The Evidence Gathering Team, all gowned up like surgeons, continued to work, crouching here and there, humped up and shuffling about like oversize white monkeys, sifting through the leaves one by one, examining the concrete floor of the garage, going over the door handle and windows, lifting prints from the broken glass on the floor—all by the book. They looked good, and Caruso was the best. They, too, sensed this was going to be a big case. With all the recent lab scandals they were taking extra care. And the two kids who’d found the body had been questioned right on the scene before being released to their parents. No shortcuts on this one.
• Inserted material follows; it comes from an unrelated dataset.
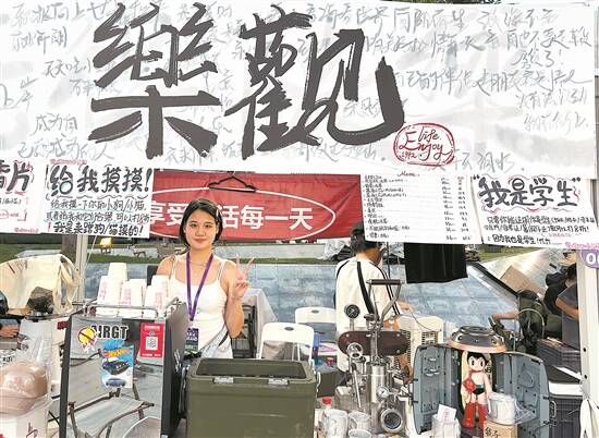 青春与咖啡碰撞,奇妙的化学反应油然而生。记者留意到,咖啡节展位的店主几乎都是青春面孔,有80、90后,更不乏00后和学生族。“樂观咖啡”在展位上贴出的“学生可八折,因为我也是学生”的手写宣传语吸引了记者的目光。作为咖啡店合伙人之一的陈晓彤今年18岁,目前正大一在读,早在读高中时作为美术生的她就参与到店铺的视觉设计中。只见店铺名“樂观”二字的背后,铺满了手写字“看海看世界、向阳而生、成为自己想成为的人……”,仿佛诠释着“乐观”二字背后的涵义。陈晓彤说,这是他们首次参加咖啡节,想走出咖啡店所在的石碣镇,让更多人了解到“樂观”咖啡店。
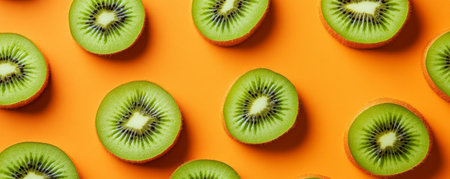 Kiwi slices on an orange background, vibrant and fresh. Healthy eating and fruit concept

“Keep it up,” said D’Agosta, giving Caruso a pat on the shoulder as he stepped back.
The cold was starting to creep in, and D’Agosta decided to take a brisk turn along the chain-link fence that surrounded the old car yard, just to make sure they hadn’t missed any possible points of ingress. As he moved out of the illuminated area, there was still plenty of ambient light to see, but he flicked on his flashlight anyway and moved along, probing this way and that. Coming around a building toward the back of the yard, picking his way past a stack of cubed cars, he saw a crouching figure just inside the fence—inside. It was no cop or anyone on his team: the figure was dressed in a ridiculously puffy down jacket, with a hood way too large for his head that stuck out like a horizontal piece of stovepipe.